Dit dogma staat niet los van politiek en democratie. Rome zette destijds de Heilige Maagd in tegen de communisten die in Italië de op een na grootste politieke partij waren en in Frankrijk de grootste. Maria-Tenhemelopneming is sindsdien in het grootste deel van de Europese Unie een wettelijke feestdag (15 augustus). Maar bij ons niet, want de EU is geen feestdagenunie.

Het oudste dogma van de democratie

Voor wie niet gelooft dat Maria via een soort ‘beam me up’ – zoals in 1966 geïntroduceerd in  de televisieserie Star Trek – naar de hemel is opgestegen, geldt de banvloek: Anathema Sit. Hij is geen deel meer van de katholieke kerk.

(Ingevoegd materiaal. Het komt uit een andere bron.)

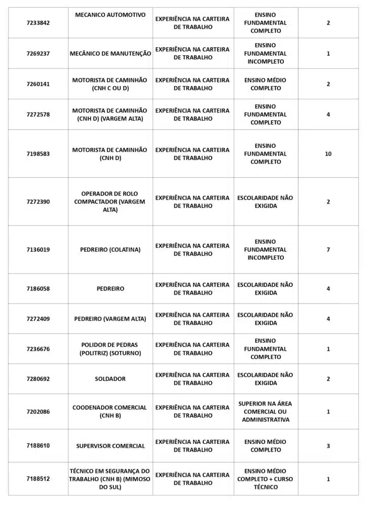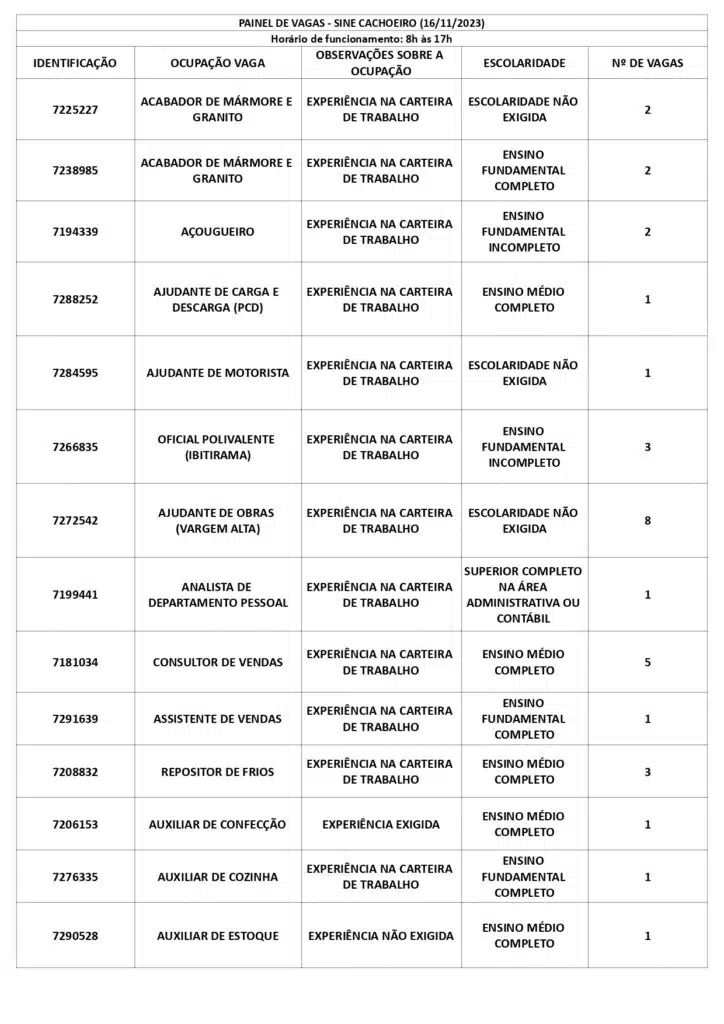 As oportunidades de emprego são para diversos cargos e níveis de escolaridade e para cidades do Sul do ES. No entanto, é preciso fazer um cadastro no Sine Cachoeiro para concorrê-las.

Bijna 20 procent van alle Nederlanders is dat nog wel.

In een monarchie of in een aristocratie stellen de heersers dat zij het beste weten hoe een land te besturen. Daar recht tegenover staat het oudste en moeilijkst te aanvaarden dogma van de democratie: Dat iedere kiesgerechtigde in staat is om te beoordelen hoe het land bestuurd moet worden. Wij kennen immers allemaal mensen die dat niet kunnen.

In het oude Athene kon iedere burger nog een beredeneerde mening hebben over alle staatszaken. Toen hoefde dat geen dogma te zijn. Maar sinds het begin van de twintigste eeuw is het werkterrein van de overheid zo exponentieel vergroot, dat de wetgeving iedereen die niet in het betreffende onderwerp is gespecialiseerd boven de pet gaat. Walter Lippmann – de Amerikaanse voorloper van onze mr. G.B.J. Hiltermann –  schreef al in 1922 in zijn boek Public Opinion:  ‘It is no longer possible to believe in the original dogma of democracy; that the knowledge needed for he management of human affairs comes up spontaneously from the human heart.’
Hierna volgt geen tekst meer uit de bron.